# DIRECTIONS:
Write out every entry exactly as given, but omit the pictures.

+++ INFORMATION SHOWN

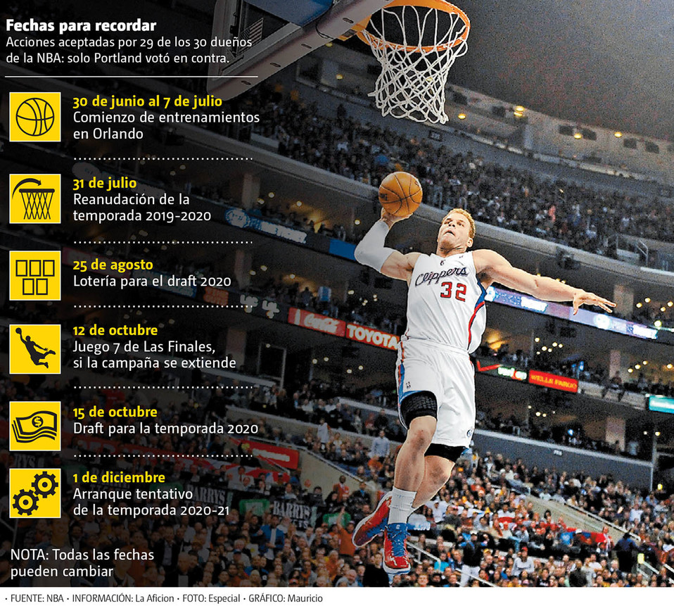 La NBA ha llegado a un acuerdo para echar a andar su plan de regreso. Los detalles ya se habían anticipado, pero ahora son oficiales: habrá juegos previos para terminar la temporada entre 22 equipos, de los cuales, ocho disputarán los últimos dos lugares para completar los 16 que jugarán los playoffs este año.
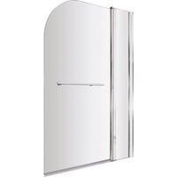 . All about me Clear 6mm tempered glass bath screen with a chrome finish profileA practical and stylish addition to any bathroomFixed panel adds extra coverage for longer bathsIntegrated towel rail for that extra finishing touchFive-year warranty for peace of mind Dimensions . H1435 x W1005 mm (give or take -/+ 3mm per measurement) Weight . 23kg Type . Hinged Adjustment . 985mm - 1005mm Glass Thickness . 6mm Glass type . Toughened safety glass Profile finish . Chrome Handing . Universal Material . Glass...
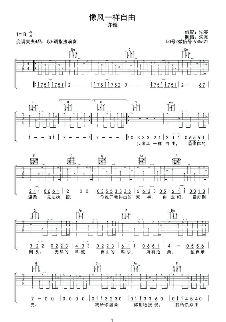 许巍《像风一样自由》吉他谱,完形吉他--沈亮编配出品,共有2张高清图谱,免翻页排版设计。...
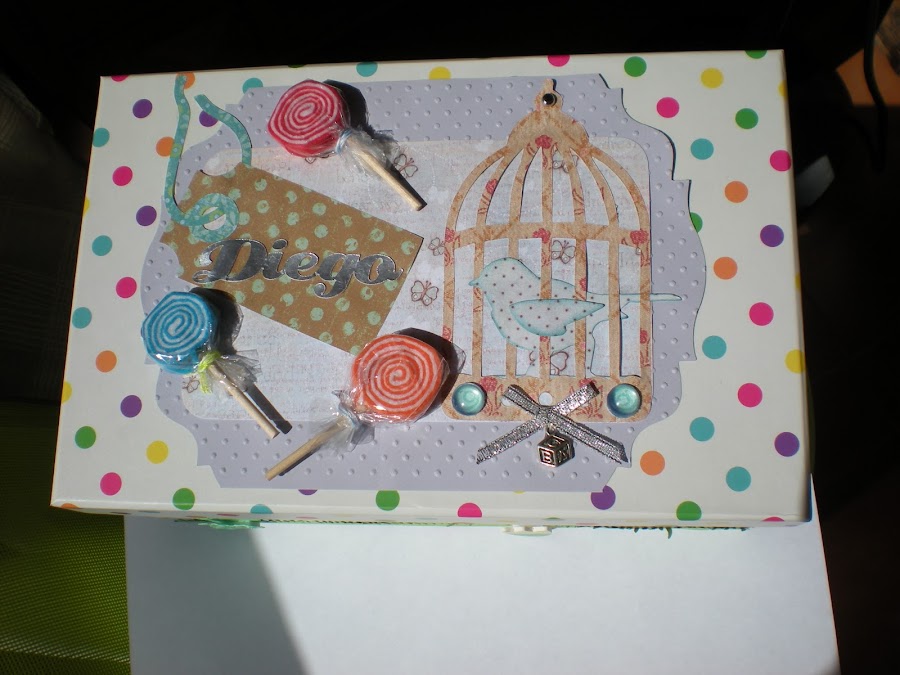 Estas son las tapaderas: tienen un papel de fondo embosado con efecto de dots realizado con una folder e mboss de la big, la forma del contorno del papel esta cortado con un troquel de la big, sobre puesto a este va una lámina de papel con los cantos redodeados, el tag , así como la jaula y el pajarito están elaborados con troqueles de la big, las piruletas las realice con fieltro de colores os dejo el post del tuto que las hice en agosto, el nombre esta recortado con la craft en cartulina efecto espejo, los pebbles son caseros con papel de scrap en tono azul y pegado con glossy acent, un lacito al que va cosido un charm de plata cuyo motivo es el típico cubo infantil con un ABC, la jaula en la parte superior esta rematada por un brad metálico plateado .
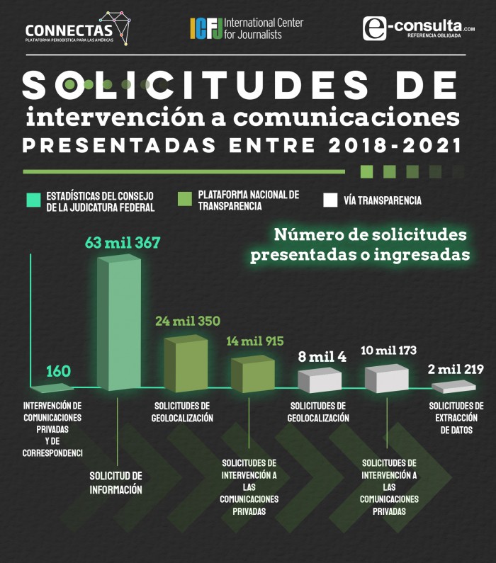 Todas las peticiones de intervención a comunicaciones privadas que posee el Poder Judicial de la Federación se limitan a un número global de 63 mil 527 tramitadas a nivel nacional, entre 2018 y 2021, publicado en su sección de estadística judicial. Aunque, hay otros dos registros que, en ningún caso, coinciden: las fiscalías del país reportan 39 mil 268 peticiones formales de vigilancia en los informes trimestrales que están obligados a presentar sobre las solicitudes que hacen al Poder Judicial; mientras que un tercer registro obtenido vía transparencia indicó que se pidieron 20 mil 396 autorizaciones.
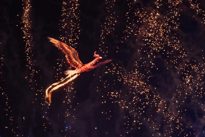 在全场瞩目下,党委书记李国琼郑重宣布:“taptap点点官方网站第十届球类运动会,开幕!”寓意吉祥腾飞的飞天装置直冲云霄,夜空中的烟花绚丽绽放,点燃了师生心中的梦想与热情,将现场气氛推向高潮。
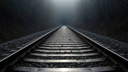 The image features parallel railway tracks stretching into a distant, hazy vanishing point. The monochromatic tones emphasize the gravel and steel, with diffused lighting from an undefined source. The composition focuses on perspective, suggesting travel, transportation, and concepts of time. This image has potential uses in editorial projects or commercial designs.
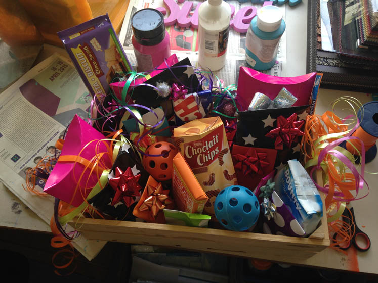 Daarna pakken M. en ik de cadeautjes voor een buurvrouw in en doen ze in een mandje.
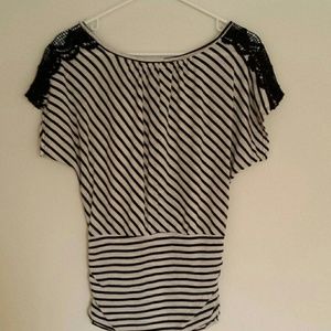 Fits towards bottom of torso with room to move in the top section. Lace-like sleeves.

++++++

# EXPECTED ANSWER:
 La NBA ha llegado a un acuerdo para echar a andar su plan de regreso. Los detalles ya se habían anticipado, pero ahora son oficiales: habrá juegos previos para terminar la temporada entre 22 equipos, de los cuales, ocho disputarán los últimos dos lugares para completar los 16 que jugarán los playoffs este año.
 . All about me Clear 6mm tempered glass bath screen with a chrome finish profileA practical and stylish addition to any bathroomFixed panel adds extra coverage for longer bathsIntegrated towel rail for that extra finishing touchFive-year warranty for peace of mind Dimensions . H1435 x W1005 mm (give or take -/+ 3mm per measurement) Weight . 23kg Type . Hinged Adjustment . 985mm - 1005mm Glass Thickness . 6mm Glass type . Toughened safety glass Profile finish . Chrome Handing . Universal Material . Glass...
 许巍《像风一样自由》吉他谱,完形吉他--沈亮编配出品,共有2张高清图谱,免翻页排版设计。...
 Estas son las tapaderas: tienen un papel de fondo embosado con efecto de dots realizado con una folder e mboss de la big, la forma del contorno del papel esta cortado con un troquel de la big, sobre puesto a este va una lámina de papel con los cantos redodeados, el tag , así como la jaula y el pajarito están elaborados con troqueles de la big, las piruletas las realice con fieltro de colores os dejo el post del tuto que las hice en agosto, el nombre esta recortado con la craft en cartulina efecto espejo, los pebbles son caseros con papel de scrap en tono azul y pegado con glossy acent, un lacito al que va cosido un charm de plata cuyo motivo es el típico cubo infantil con un ABC, la jaula en la parte superior esta rematada por un brad metálico plateado .
 Todas las peticiones de intervención a comunicaciones privadas que posee el Poder Judicial de la Federación se limitan a un número global de 63 mil 527 tramitadas a nivel nacional, entre 2018 y 2021, publicado en su sección de estadística judicial. Aunque, hay otros dos registros que, en ningún caso, coinciden: las fiscalías del país reportan 39 mil 268 peticiones formales de vigilancia en los informes trimestrales que están obligados a presentar sobre las solicitudes que hacen al Poder Judicial; mientras que un tercer registro obtenido vía transparencia indicó que se pidieron 20 mil 396 autorizaciones.
 在全场瞩目下,党委书记李国琼郑重宣布:“taptap点点官方网站第十届球类运动会,开幕!”寓意吉祥腾飞的飞天装置直冲云霄,夜空中的烟花绚丽绽放,点燃了师生心中的梦想与热情,将现场气氛推向高潮。
 The image features parallel railway tracks stretching into a distant, hazy vanishing point. The monochromatic tones emphasize the gravel and steel, with diffused lighting from an undefined source. The composition focuses on perspective, suggesting travel, transportation, and concepts of time. This image has potential uses in editorial projects or commercial designs.
 Daarna pakken M. en ik de cadeautjes voor een buurvrouw in en doen ze in een mandje.
 Fits towards bottom of torso with room to move in the top section. Lace-like sleeves.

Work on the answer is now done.